# Where to buy boots Meaford area



## DirtyDog (24 Apr 2007)

First off, I hope this thread (or something similar) hasn't been posted too many times, but I beleive this is particular enough to myself to warrant a new thread.

Secondly, although I've been issued a chit to switch over to the new GP boots, I havn't got one to allow myself my own personal choice of boots but I will work on that.  I'm not a bitcher or whiner but my lower legs just don't want to sort themselves out despite stretching, orthotics, and Viabrim soles.  I have very short legs and anything above a moderate march pace causes my legs to cramp up with shin splints instantly from stretching it out.  So, I figure since I haven't read a whole lot of good about any of the boots we're issued, that I'd try and get myself into a good aftermarket pair and see if that helps before my DP1 course starts in the next few weeks.  If the best in boots doesn't help any, oh well, i tried.

I would really rather not risk buy boots mail order without trying them on so I was hoping there might be places close to Meaford (I consider the GTA to be close) where I can go and maybe try out a set of Danners, SWATs, or Strykers.

Any suggestions?

thansk...


----------



## Thorvald (24 Apr 2007)

For Danners, try Lebaron or Tetragon (http://www.tetragon.ca/Products.cgi/search?category=Footwear).

Bass Pro might even have them (it would be on your way down the 400, so might as well stop in to be safe).


----------



## DirtyDog (25 Apr 2007)

Thanks.

I might try the Lebarons when I'm back hoem near Ottawa next time.  

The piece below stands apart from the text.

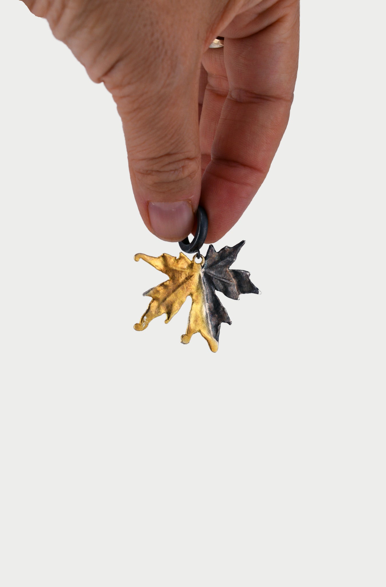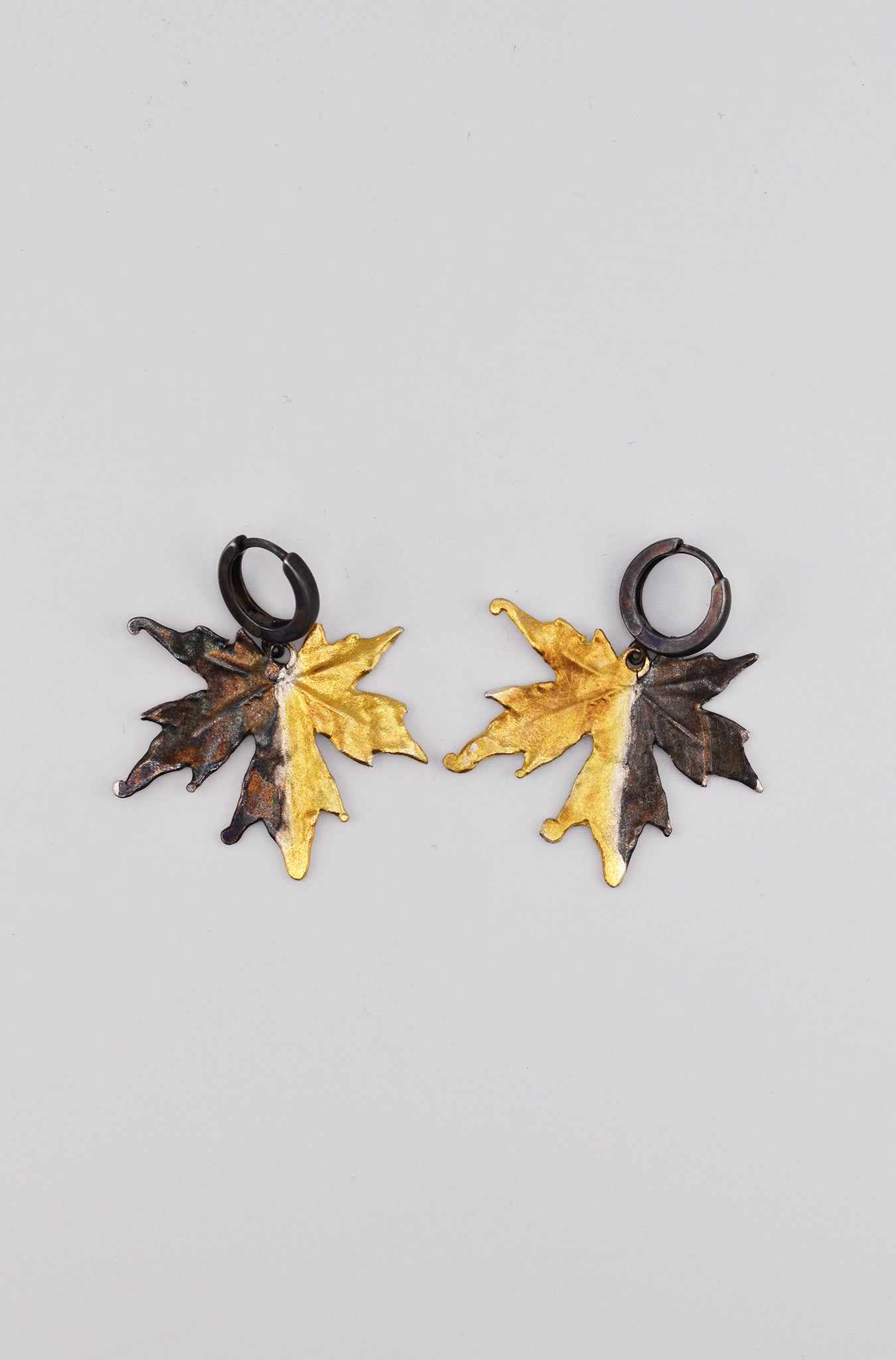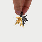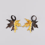 Kolczyki wykonane w całości ze srebra o kształcie liści klonowych, w połowie pozłacane i oksydowane.
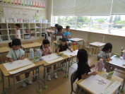 エクシル先生と一緒に外国語活動を行いました。英語で数字と色を聞いて、当てはまるところに色を塗っていきました。元気いっぱいの1年生は、英語の発音も大きな声で、元気にできました。楽しみながら英語に親しんでいます。

I'm guessing bootsl ike SWATs are mostly mail order in Canada?


----------



## Thorvald (25 Apr 2007)

Nope, quite popular at some surplus stores.  Army Outfitters in Toronto seems to always have a ton of new boots in stock from Swats to other brands, can't hurt to check with them first.


----------



## SteveB (29 May 2007)

Bass Pro does carry Danners, they were priced exactly the same as LeBaron.  Last time I was in a LeBaron, Markham, their stock was limited.  I'm assuming you will want Acadias and you may want to call ahead.  Prices are pretty high and you can do a lot better on EBay.  Caution: I don't recommend buying boots on EBay unless you are buying a replacement of the same brand as you'll want to confirm fit for your first pair.

Steve


----------